Start of Block

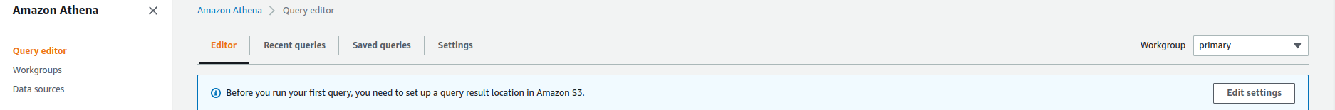 AWS 콘솔에서 Atheana 접속 후 쿼리에디터에 들어간다.
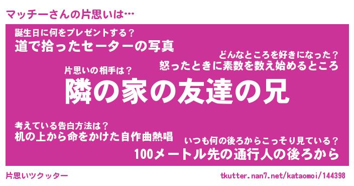 | 胡散臭い通販商品みたいなあだ名 | 『必ず成功する霊験あらたかなお札…その名も「マッチー」』 |
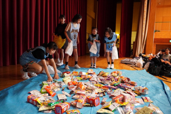 フリースローを決めると後藤監督からのお年玉ならぬ大量のお菓子がもらえるんです♡
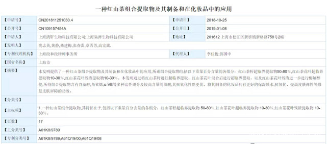 此類植物原料的特點在於,具備排他性的並不是原料本身,而是圍繞原料從提取方式、生產製造以及作用機理等一系列的技術壁壘。正如林清軒所提出的“紅山茶花”的技術優勢,在《一種紅山茶組合提取物及其製備和在化妝品中的應用》(專利號:CN201811251030.4)中,這樣提到:

End of Block

### Work request
Skip the images and write out the rest of the listing exactly.

### Result for this exercise
 AWS 콘솔에서 Atheana 접속 후 쿼리에디터에 들어간다.
 | 胡散臭い通販商品みたいなあだ名 | 『必ず成功する霊験あらたかなお札…その名も「マッチー」』 |
 フリースローを決めると後藤監督からのお年玉ならぬ大量のお菓子がもらえるんです♡
 此類植物原料的特點在於,具備排他性的並不是原料本身,而是圍繞原料從提取方式、生產製造以及作用機理等一系列的技術壁壘。正如林清軒所提出的“紅山茶花”的技術優勢,在《一種紅山茶組合提取物及其製備和在化妝品中的應用》(專利號:CN201811251030.4)中,這樣提到:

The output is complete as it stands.